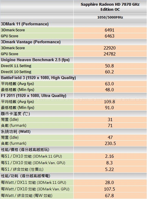 SAPPHIRE Radeon HD 7870 GHz Edition OC 是首批少數超頻版產品,配合雙風扇散熱方案,效能及溫度表現都比略勝公版。性價比方面,售價 $2,990 計算出「每$1/綜合效能」為 5.22,得分屬高階顯示卡普遍水平,但考慮到性能已比 Radeon HD 7950 略高,而且先前評測已知尚有空間進一步超頻,唔洗$3,000 來說絕對係高階玩家理想選擇。
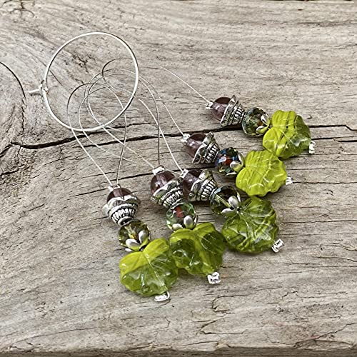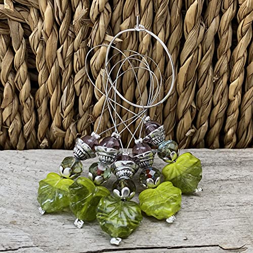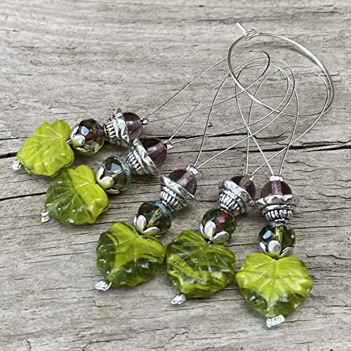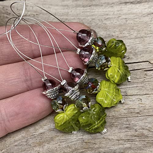 5 edle Blätter Maschenmarkierer mit böhmischen Glasperlen – Maschenzähler – grün, aubergine, silber – Set – Stricken, Strickhilfe stitch marker
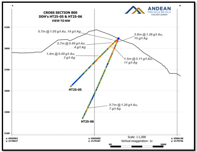 Figure 4 – Cross Section 800 (DDH’s HT25-05 and HT25-06)
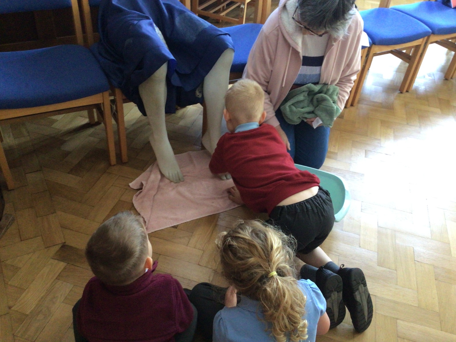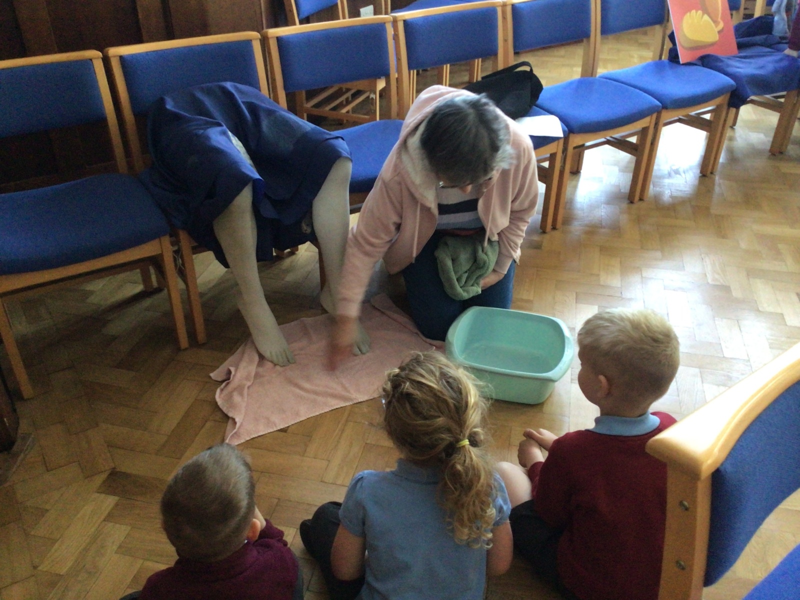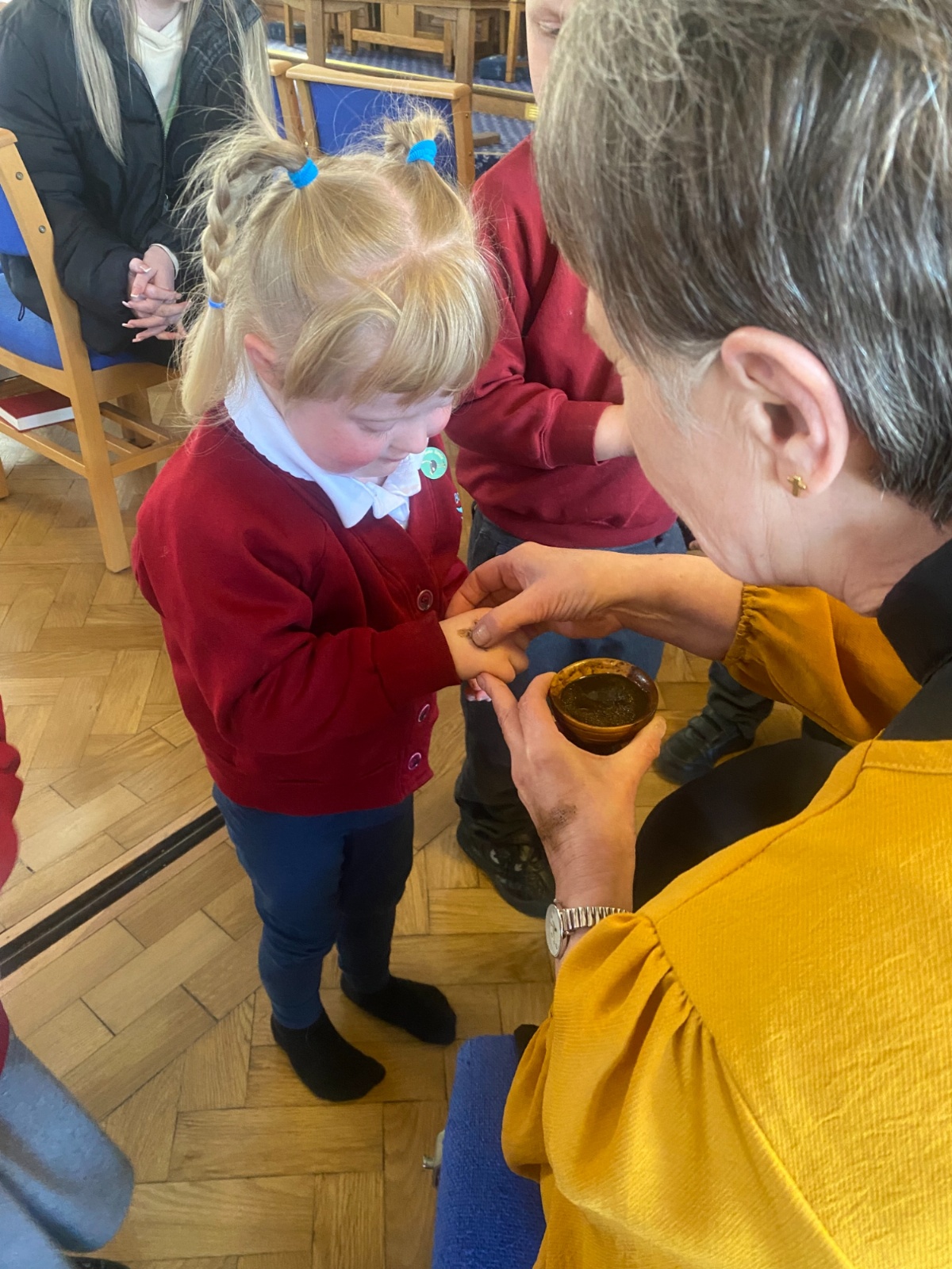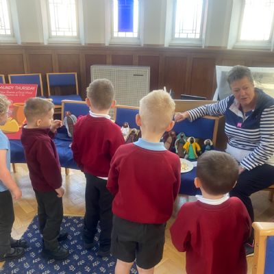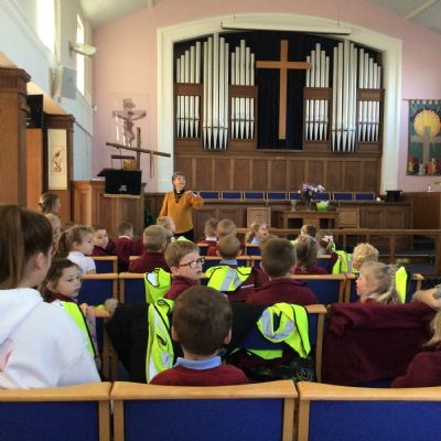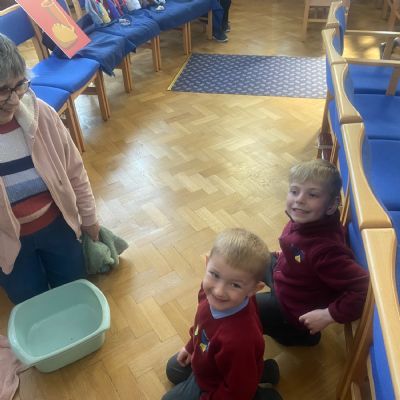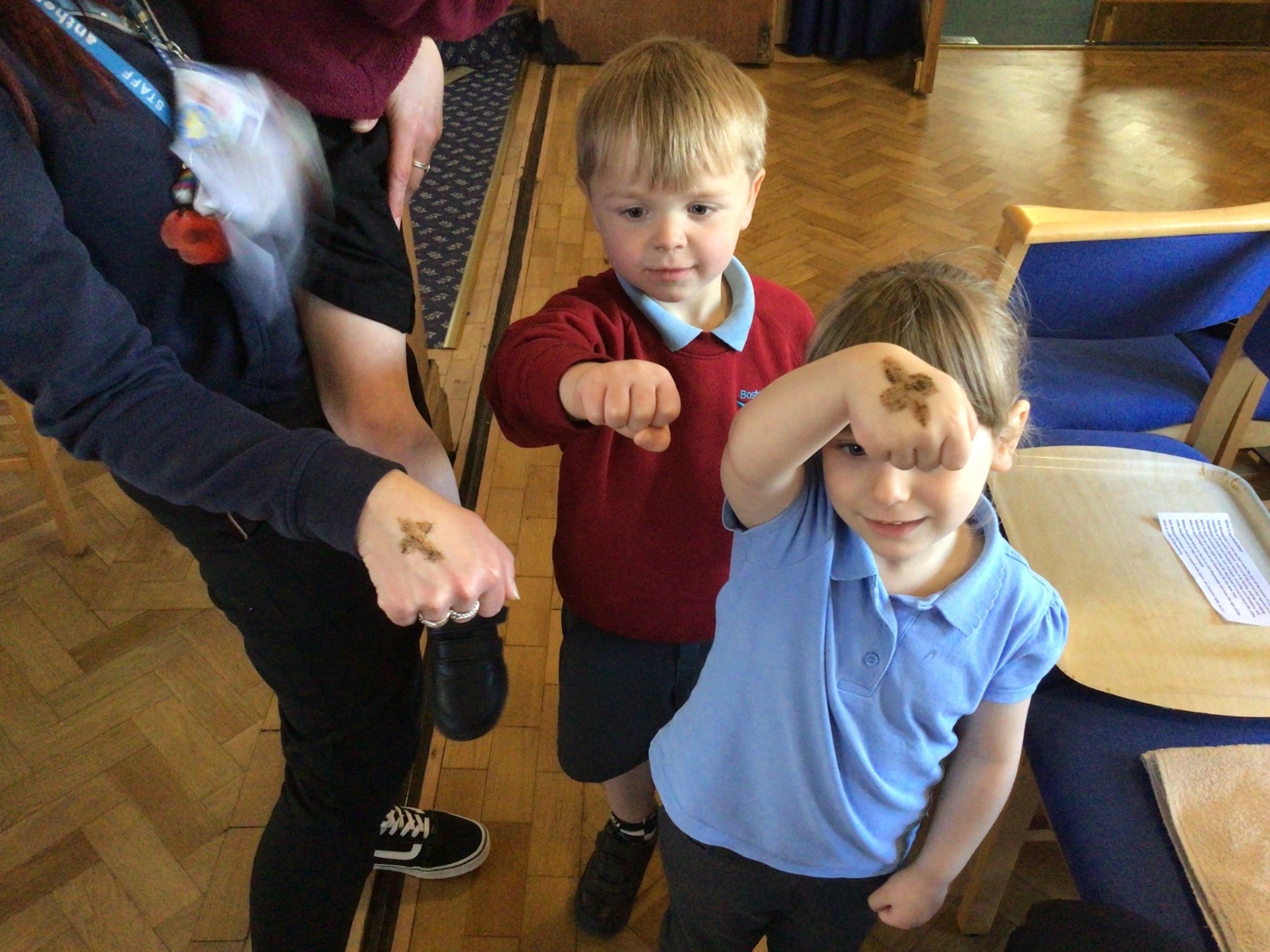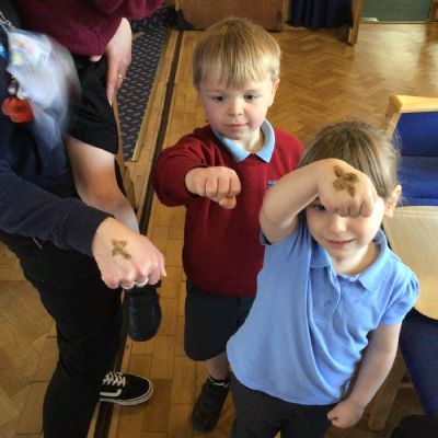 The children have been on their first school trip. We went to the Zion Methodist Church and learnt all about Easter. We were welcomed by Reverend Val and other members of the church, who talked to the children about the different parts of the story and the reason behind Easter. Some of the activities included flipping a pancake, trying pitta bread (The last supper), rolling the stone away from the tomb and waving a palm leaf. The children were fantastic and represented the school really well.
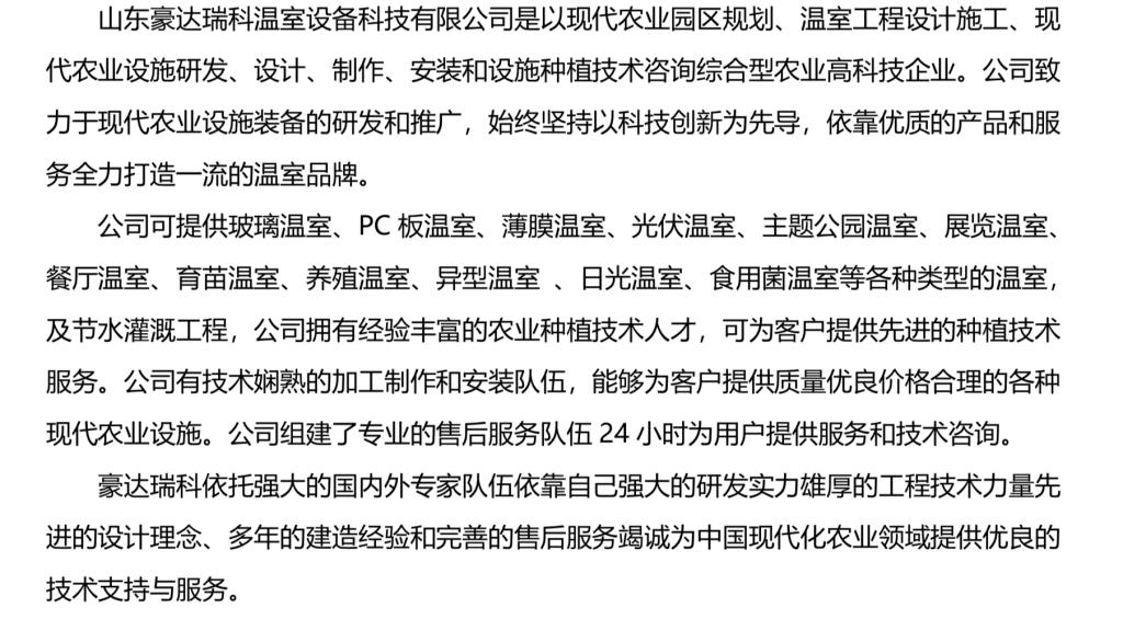 山东豪达瑞科温室设备科技有限公司
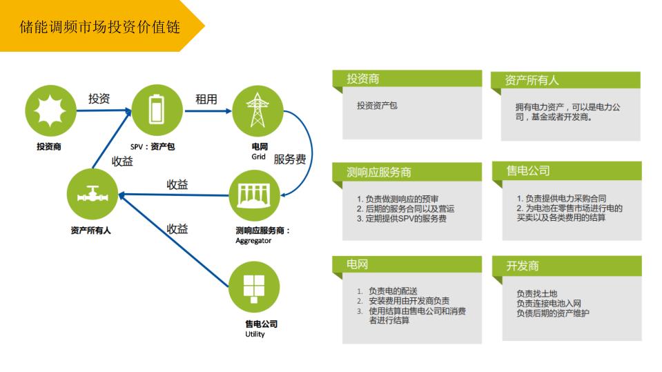 儲(chǔ)能在英國(guó)項(xiàng)目上投資的價(jià)值鏈跟大家也分享一下,因?yàn)槟壳吧轿鞯膸讉€(gè)調(diào)頻電廠,就是由火電廠和電網(wǎng)公司直接交易,在這個(gè)環(huán)節(jié)上偏單薄一點(diǎn)。我們?cè)谟?guó)有兩個(gè)角色非常關(guān)鍵。資產(chǎn)所有人就是我們的電站,電站直接跟電網(wǎng)公司交易,這是不被允許的。交易的時(shí)候是需要有兩個(gè)資質(zhì)的,拿不到這個(gè)資質(zhì)是沒(méi)有資格跟電網(wǎng)公司交易的。為什么這么設(shè)置?英國(guó)本身算是一個(gè)固網(wǎng)的電網(wǎng),因?yàn)樗且粋€(gè)島嶼,就設(shè)置了資產(chǎn)包的角色。另外還有一個(gè)關(guān)鍵的角色售電公司,咱們中國(guó)的售電已經(jīng)也有兩年的發(fā)展了,發(fā)展得也很迅速。儲(chǔ)能和售電怎么結(jié)合來(lái)參與電網(wǎng)的服務(wù)?在英國(guó)也是這樣去操作的。

## Work task
The required result is an exact copy of the lines from the line containing "The children have" through the end of the entries, with every picture left out.

## Exercise response
 The children have been on their first school trip. We went to the Zion Methodist Church and learnt all about Easter. We were welcomed by Reverend Val and other members of the church, who talked to the children about the different parts of the story and the reason behind Easter. Some of the activities included flipping a pancake, trying pitta bread (The last supper), rolling the stone away from the tomb and waving a palm leaf. The children were fantastic and represented the school really well.
 山东豪达瑞科温室设备科技有限公司
 儲(chǔ)能在英國(guó)項(xiàng)目上投資的價(jià)值鏈跟大家也分享一下,因?yàn)槟壳吧轿鞯膸讉€(gè)調(diào)頻電廠,就是由火電廠和電網(wǎng)公司直接交易,在這個(gè)環(huán)節(jié)上偏單薄一點(diǎn)。我們?cè)谟?guó)有兩個(gè)角色非常關(guān)鍵。資產(chǎn)所有人就是我們的電站,電站直接跟電網(wǎng)公司交易,這是不被允許的。交易的時(shí)候是需要有兩個(gè)資質(zhì)的,拿不到這個(gè)資質(zhì)是沒(méi)有資格跟電網(wǎng)公司交易的。為什么這么設(shè)置?英國(guó)本身算是一個(gè)固網(wǎng)的電網(wǎng),因?yàn)樗且粋€(gè)島嶼,就設(shè)置了資產(chǎn)包的角色。另外還有一個(gè)關(guān)鍵的角色售電公司,咱們中國(guó)的售電已經(jīng)也有兩年的發(fā)展了,發(fā)展得也很迅速。儲(chǔ)能和售電怎么結(jié)合來(lái)參與電網(wǎng)的服務(wù)?在英國(guó)也是這樣去操作的。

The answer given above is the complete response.